If the assumption of equal variances for the Y is correct, the plot of the observed Y values against X should suggest a band across the graph with roughly equal vertical width for all values of X. (That is, the shape of the graph should suggest a tilted cigar and not a wedge or a megaphone.)
A fan pattern like the profile of a megaphone, with a noticeable flare either to the right or to the left as shown in the picture suggests that the variance in the values increases in the direction the fan pattern widens (usually as the sample mean increases), and this in turn suggests that a transformation of the Y values may be needed.

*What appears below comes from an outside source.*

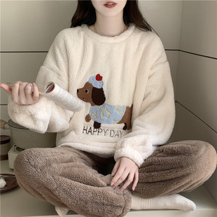 家居服春秋新款 加厚法兰绒加绒套装 珊瑚绒睡衣女秋冬季 2025年冬款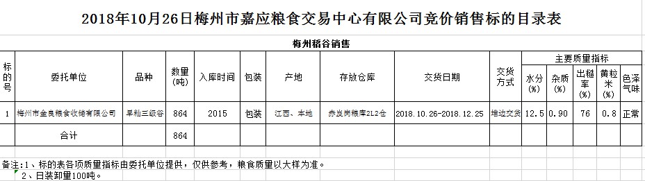 受客戶(hù)委托,梅州市嘉應(yīng)糧食交易中心有限公司定于2018年10月26日(星期五)舉辦糧食競(jìng)價(jià)交易會(huì),梅州市金良糧食收儲(chǔ)有限公司擬銷(xiāo)售2015年早秈稻864噸。

Even if none of the test assumptions are violated, a linear regression on a small number of data points may not have sufficient power to detect a significant difference between the slope and 0, even if the slope is non-zero. The power depends on the residual error, the observed variation in X, the selected significance (alpha-) level of the test, and the number of data points. Power decreases as the residual variance increases, decreases as the significance level is decreased (i.e., as the test is made more stringent), increases as the variation in observed X increases, and increases as the number of data points increases. If a statistical significance test with a small number of data values produces a surprisingly non-significant P value, then lack of power may be the reason. The best time to avoid such problems is in the design stage of an experiment, when appropriate minimum sample sizes can be determined, perhaps in consultation with a statistician, before data collection begins.
In general, unless there is a structural or theoretical reason to assume that the intercept is 0, it's preferable to fit both the slope and intercept.